Human Rights Abuse In Australia : Australia’s Handcuffing of Asylum Seekers for Court Visits
Dated : 12 Dec 2020 (IST)
The continued handcuffing of asylum seekers to attend minor civil court matters is gross violation of Human Rights. It is gross abuse of power flowing from the concept of WHITE RACIST SUPREMACY ”. Such practices are not only humiliating but also creates a barrier to accessing justice.
says Asylum Seeker Resource Centre principal solicitor says that Detainees are even restrained for visits to bathroom and to eat lunch. The world has started wondering on the kind if people in Australia making and enforcing such Colonial era laws.
The use of handcuffs on those in immigration detention, a gross abuse of Power, has come under scrutiny once again after a landmark test case initiated by the Public Interest Advocacy Centre (PIAC) argued that handcuffing detainees to attend medical appointments was illegal, inhumane, traumatising and created an unlawful barrier to healthcare.
This also proves that those in authority in Australia care two hoots for Human Rights but certainly start jumping around in case a citizen of theirs is put behind by other Asian Countries
The overuse of restraints has already been criticised in reports by the Commonwealth Ombudsmen and even the Australian Human Rights Commission but to no avail. Does the Australian Government wants to be thrown out of the Commonwealth ? UK will not be able to save their expulsion.
In many cases, handcuffs are also being used to transfer detainees to routine visa matters in the civil courts, including the administrative appeals tribunal. The Asylum Seeker Resource Centre says the practice is common and the threshold for deeming a detainee to be a threat is too low.
The centre’s principal solicitor, Carolyn Graydon, said the handcuffing of detainees in public areas of the civil courts can be humiliating.

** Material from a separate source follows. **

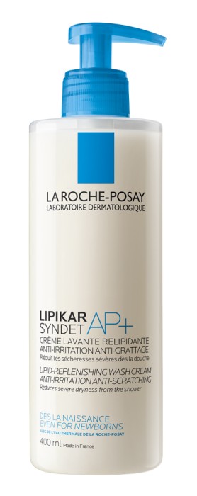 Lipikar Syndet AP+ duschgel är mycket mild och innehåller karitésmör, niacinamide och Aqua Posae Filiformis, som verkar lugnande för huden. Svider inte i ögonen.

In fact it is gross violation of Human Justice System.
“Once they’re actually in the hearing room, my understanding is that it’s then the jurisdiction of the decision-maker, the judge or the member in the AAT, to decide whether the restraints can be removed or not. In my experience, they are, they usually are,” saud Graydon
“But as soon as a person leaves the hearing room, the judge or the member no longer has that jurisdiction, and they’re usually put back in restraints, even to visit the bathroom, or to just eat lunch in the hallway.
There is no readily accessible data on the use of restraints, but 2017 documents released through freedom of information suggest that the use of force, which includes restraints, was increasing significantly.
A recent ombudsman’s report on immigration detention, which monitored activities between July and December, warned the way the government was assessing a detainee’s risk was flawed for transfers and escorts. The report was resulting in an overuse of handcuffs.
“We are concerned that current policies and risk assessment processes support a decision to automatically apply mechanical restraints to a detainee during T&E [transfers and escorts] activities, rather than considering alternative mitigation strategies like more escorting staff or closer escorting practices,” the report said.
Graydon said authorities were giving detainees a “higher risk rating in many cases than what is objectively warranted”.
“I’ve had clients that have been transferred by car, in bodycuffs and handcuffs, all the way from Sydney to Brisbane, with two stops at police stations to go to the toilet,” she said.
The case brought by Piac concerning medical appointments alleges that the use of handcuffs creates a barrier to healthcare access, particularly in cases where there is a history of trauma or torture.